Para as plantas com flores, os estágios iniciais da reprodução sexuada são sem dúvida os mais importantes. Ao nível da interação pólen-estigma, são tomadas decisões moleculares que determinam a "compatibilidade" dos parceiros que interagem. Tais decisões, se tomadas corretamente, evitam o desperdício de recursos que poderiam afetar a aptidão reprodutiva21. Assim, permitir que apenas pólen compatível efetue a fertilização é um componente importante para a manutenção de genótipos bem adaptados e, consequentemente, para o sucesso evolutivo das espécies. As pesquisas realizadas com a planta-modelo A. thaliana têm sido extremamente valiosas para aprofundar o entendimento desse processo. Diversos estudos realizados nas últimas décadas têm revelado a presença de fatores no tegumento polínico que atuam no primeiro "checkpoint" de compatibilidade, onde o pólen ganha acesso à água estigmatizada para permitir a hidratação polínica13. Apesar desses primeiros insights sobre os mecanismos que regulam a compatibilidade pólen-estigma, ainda existem muitas lacunas em nossa compreensão desse processo. Até o momento, nenhum mutante de ligantes transmitidos por pólen ou receptores estigmatáticos conhecidos por afetar a hidratação polínica pode bloquear completamente a polinização compatível, sugerindo a presença de outros determinantes de hidratação polínica não descobertos. Por ser capaz de observar prontamente o fenótipo de interesse, o bioensaio de hidratação polínica aqui descrito é uma das técnicas mais simples para estudar potenciais mutantes que regulam a polinização.

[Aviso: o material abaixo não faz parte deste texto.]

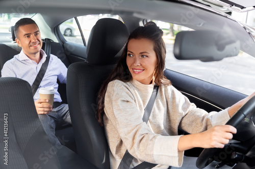 transportation, vehicle and people concept - happy smiling female driver driving car with male passenger
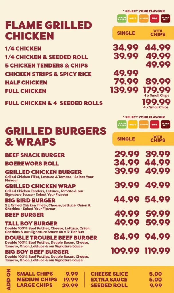 Bite into burgers, chicken, wors rolls, hot chips, pap & relish and more — all grill-to-go, cooked while you wait. Fast, flavourful, and fit for your pocket.
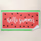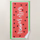 Ce design amusant de serviettes de plage présente des couleurs de pastèque typiques à la frontière et arrière - plan parsemé librement de graines noires. La calligraphie élégante de 'bonjour été' est fournie et peut être supprimée si elle est préférée. Cherchez ID407 pour voir d'autres produits avec cette conception.
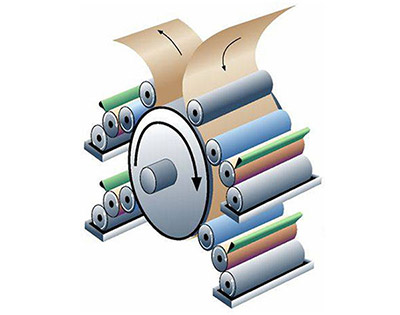 The satellite type printing machine is composed of four color groups around the center, a super large pressure roller structure.

As metodologias existentes para medir a hidratação do pólen comumente utilizam polinizações em massa e relatam menos pontos de tempo 14,22,23, podendo, portanto, perder fenótipos importantes do perfilde hidratação sutil. Por exemplo, o estudo de Wang et al.13, juntamente com trabalhos sobre outros mutantes da proteína do revestimento polínico em nosso laboratório (observações não publicadas), revelaram diferenças intrigantes nos perfis de hidratação entre mutantes. Tais diferenças sutis podem conter pistas importantes para os mecanismos regulatórios subjacentes à polinização compatível.

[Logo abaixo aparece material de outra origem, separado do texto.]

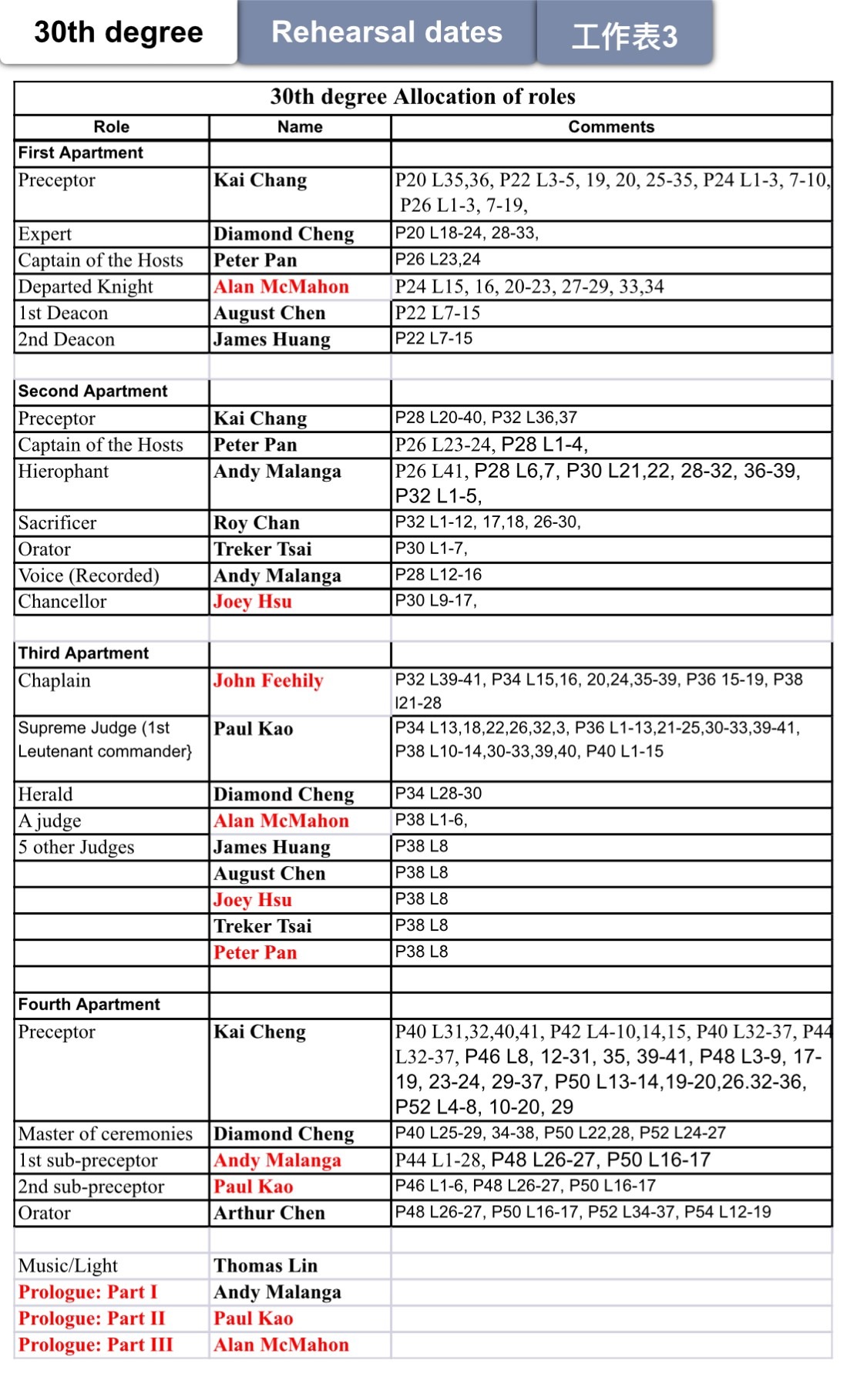 30th, and 32nd Degree Rehearsals on September 14 and 22, 2024

O método aqui descrito concentra-se na aquisição de números relativamente pequenos de medição entre linhagens mutantes e WT, com ênfase na precisão metodológica para reduzir a variação dentro dos conjuntos de dados. Embora este método seja altamente reprodutível (como mostrado na Figura 7), supondo que a temperatura e a umidade sejam adequadamente controladas, é importante coletar dados de hidratação para números quase iguais de WT e pólen mutante no mesmo dia para reduzir ainda mais o potencial de variação. Os dados podem ser agrupados em dias diferentes, se necessário. Além disso, a seleção das plantas de controle de WT apropriadas é vital para a correta interpretação dos resultados da hidratação. Para o receptor de pólen, a mesma linhagem de planta deve ser usada para receber tanto grãos de pólen de controle WT quanto de pólen mutante.

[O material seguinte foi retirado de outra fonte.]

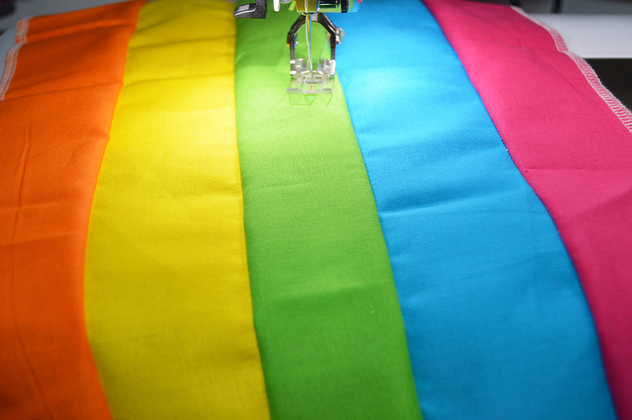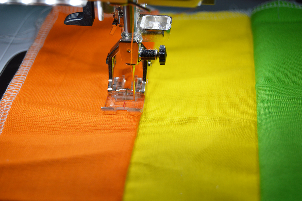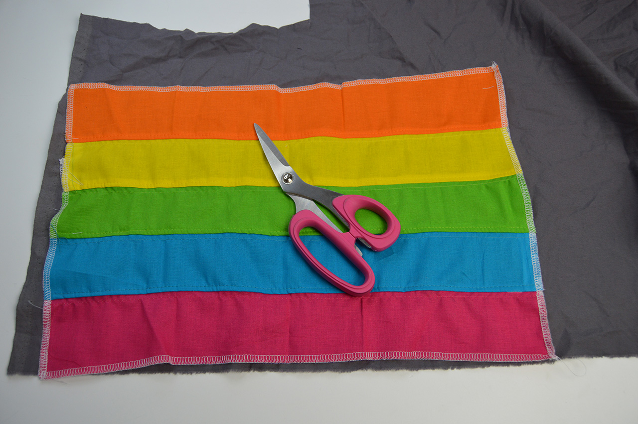 Näht jetzt für Euren Außenbeutel Eure Stoffstreifen an der langen Seite aneinander, beachtet hierbei Eure Farbabfolge. Den Streifen für den Tunnelzug, also den Streifen, den Ihr für ganz oben gewählt habt, legt Ihr zur Seite. Diesen nähen wir erst später an.

Por exemplo, usamos a linhagem de planta estéril macho pA9-barnase, que também é apresentada no protocolo de vídeo, como receptor de pólen para pólen WT (controle) e mutante (experimental) ao investigar linhagens mutantes de pólen de DNA-T (como o mutante 'KD' descrito na Figura 8). A mistura de dados de uma linha estéril masculina, que não precisa ser emasculada, com aqueles coletados de uma linha de controle emasculada manualmente deve ser evitada, pois esses estigmas provavelmente se comportarão de forma diferente. Da mesma forma, linhagens mutantes emasculadas devem ser utilizadas em conjunto com uma linha WT (controle) emasculada sempre que possível. O mesmo cuidado também deve ser aplicado ao considerar o background genético das plantas em estudo. Enquanto as coleções mais populares de mutantes de DNA-T foram geradas no fundo Col-0, outras, como a coleção FLAG do Institut national de la Recherche Agronomique (INRA), estão disponíveis no background genético de Wassilewskija (WS)24,25. Nesses casos, é aconselhável usar as linhas de planta WT do respectivo ecótipo como controle.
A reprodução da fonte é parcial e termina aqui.